Ibu-ibu berurai air mata, bahagia mendapat kabar dari anaknya yang berkuliah di pulau Jawa. Nenek dan kakek tersenyum senang karena akhirnya mendapatkan cucu gembul lagi. Bapak pun tak kalah senang, untuk kesekian kalinya puteranya mengirimkan duit kepadanya. Hari itu Toha ikut bahagia karena orang-orang bahagia mendapat surat dari orang yang dicintanya.
Setelah semua surat dan paket ia kirimkan, Toha membawa tas hitam yang sudah kosong itu kepada Mira. Ia berharap masih banyak surat yang dapat ia kirimkan besok.
“Tunggu, Pak Cik! Ini ada surat buat Pak Cik,” Mira mengulurkan sebuah amplop.
“Siapa pula yang hendak mengirimkan surat untukku, Mir? Kau pastikan lagi namanya.”
“Benar. Ini surat buat Pak Cik.”
Dengan hati-hati Toha membaca nama yang tertera di amplop. Benar, itu benar surat untuknya. Sebuah rasa menyelinap. Debar jantungnya bertambah cepat membawa hormon bahagianya yang kian membuncah. Tangannya bergetar hebat sampai-sampai ia harus meninggalkan motor bututnya agar nanti tidak nyungsep selokan karena saking bergetar hebat tangannya.
Nurmi benar, ia tidak cukup kuat untuk rasa bahagia yang amat luar biasa itu.
Hingga setelah menutup rapat pintu rumahnya, barulah Toha membuka amplop tersebut. Sekali lagi ia memperhatikan nama yang tertera di sana, ia sangat benci surat yang salah kirim. Benar. Surat ini benar untuknya.
Setelah membuka segel amplop tersebut, Toha memandang sepucuk surat di dalam sana. Jantungnya kembali berdebar. Perlahan ia membuka lipatan surat tersebut.
Assalamu’alaikum warahmatullahi wa barakatu.
Semoga engkau baik-baik saja, Pak. Aku harap engkau bahagia karena akhirnya ada yang mengirimimu surat. Aku ikut bahagia. Biar kutebak, pasti tanganmu tak berhenti bergetar sedari tadi.

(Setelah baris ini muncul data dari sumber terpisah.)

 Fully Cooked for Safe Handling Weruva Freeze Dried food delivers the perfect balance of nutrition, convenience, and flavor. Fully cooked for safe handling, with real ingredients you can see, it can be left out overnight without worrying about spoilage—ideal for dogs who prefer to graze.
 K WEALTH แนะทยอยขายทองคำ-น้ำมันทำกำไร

Maafkan aku, Pak. Puluhan tahun hidup bersama aku tak kunjung memberikan bahagia untukmu. Tak pernah sekalipun kita mendapat kabar perihal putera-puteri lucu untuk teman hidup kita. Maafkan aku yang tetap membuat hidupmu sepi, Pak. Maafkan aku jika selama ini hanya menjadi beban, bukan wanita kuat yang mampu menjadi sandaran. Maafkan segala kelemahanku.
Tahukah engkau, Pak. Kesalahan pengiriman surat yang terjadi dahulu adalah kejadian yang paling kusyukuri. Karena itu, kita bisa bertemu dua kali. Andai saja kau tidak salah mengirimkan surat saat itu, mungkin tidak akan ada pertemuan selanjutnya, mungkin kita tidak akan bersama.

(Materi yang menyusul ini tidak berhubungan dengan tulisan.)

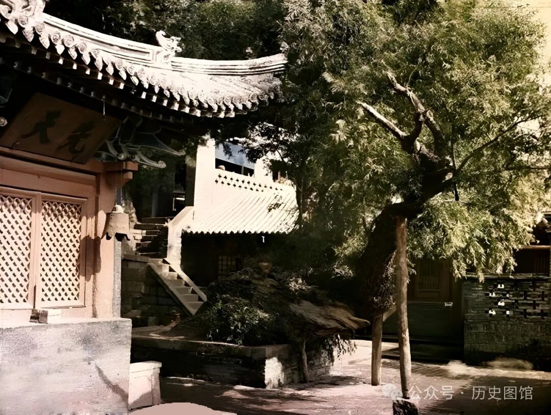 这张照片,也是拍摄于当地一座寺庙。虽然看不清寺庙的全部,但是楼阁雕梁画栋,飞檐高挑。屋檐下悬挂的牌匾上写着“光天”二字。寺内苍松翠柏,亭台楼阁,很有意境。
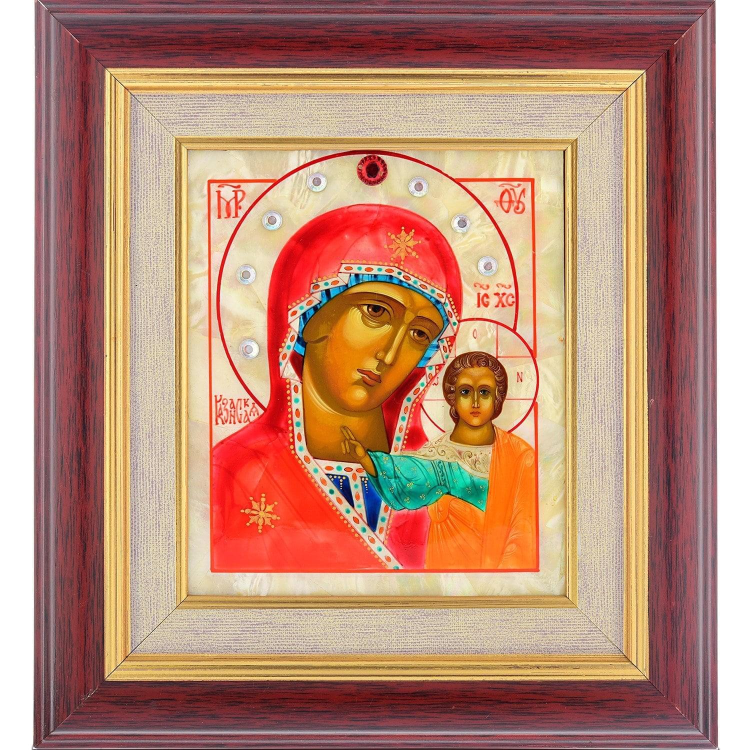 Икона Богородицы с младенцем Иисусом написана российским иконописцем с учетом художественных канонов русско-византийской иконописи на пластине, оформленной из природного минерала - натурального перламутра, придающего образу свечения. Алого цвета хитон Девы Марии и полудрагоценные камни фианиты, украшающие ее нимб, красиво сочетаются с переливами перламутра и рамой в оттенке бордо с внутренней позолоченной вставкой...
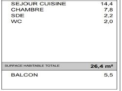 Idéal pied à terre, au deuxième étage expo sud ouest, Petit T2 avec terrasse, parking et cave inclus.

Aku sungguh bersyukur karena dipertemukan dengan pria luar biasa sepertimu. Aku sungguh bersyukur kepada Allah karena memberikan puluhan tahunku bersamamu. Tak pernah kusesali hidupku barang sehari.

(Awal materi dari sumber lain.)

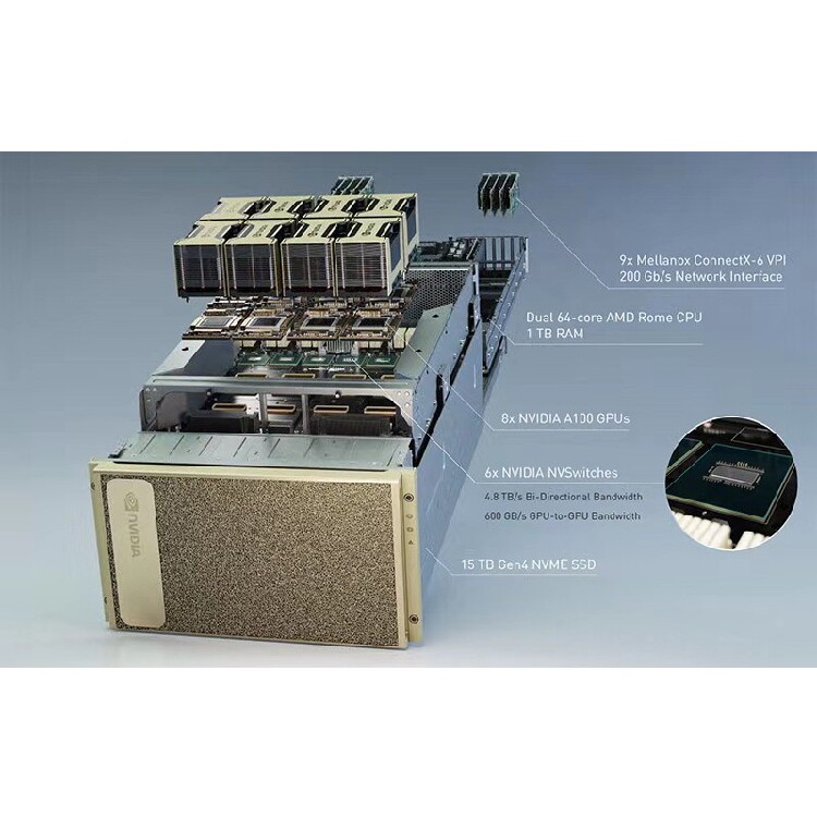 Nivdia DGX-A100 Два 64 ядерных драконов, 8 A100 ГПУ
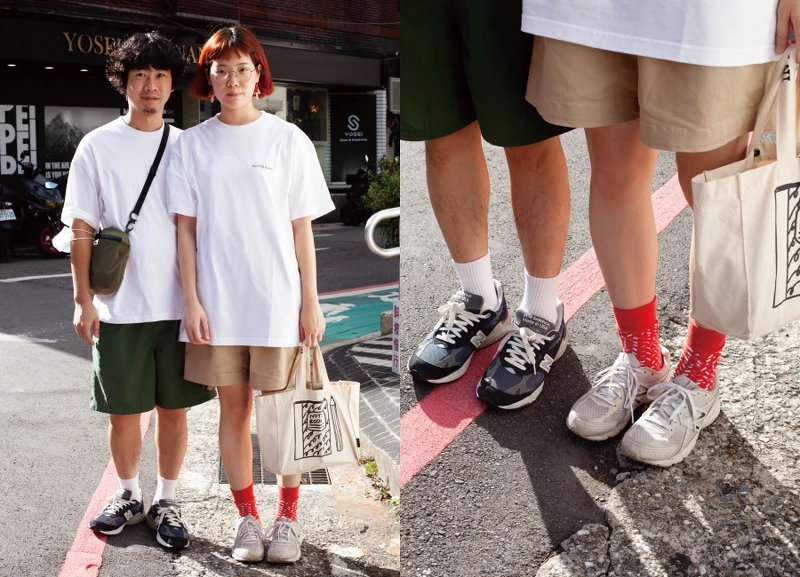 在大面積色塊的碰撞下,勾勒簡而有型的情侶裝束。|以繽紛襪子點亮穿搭細節,展現童心未泯風格。
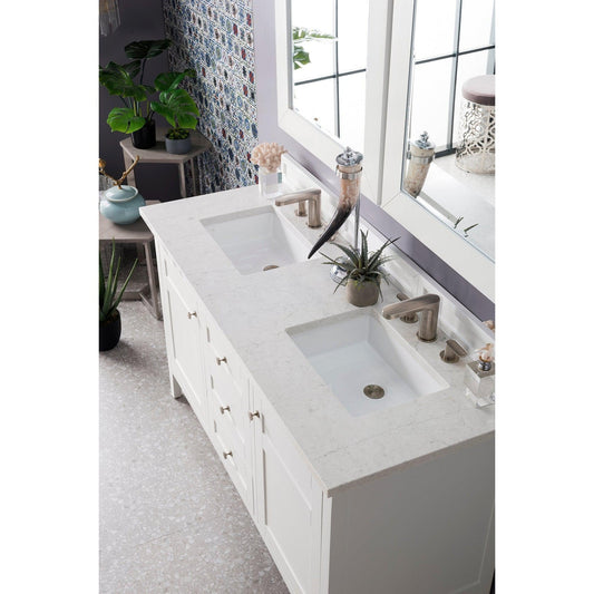James Martin Vanities Palisades 60" Bright White Double Vanity With 3cm Eternal Jasmine Pearl Quartz Top

Aku bukanlah perempuan yang pandai membuat surat cinta. Tapi kuharap engkau bahagia. Kuharap engkau selalu bahagia.
Teruslah semangat mengantarkan surat kepada mereka di luar sana. Engkau Pak Pos terbaik dunia.
Semangat, Pak Pos.
Wassalamu’alaikum
Yang terkasih dan selalu mencintaimu tiada henti
Nurmiati
Toha terisak hebat. Sore itu langit jingga menjadi saksi mengapa tak seharusnya tukang pos juga mendapat sepucuk surat.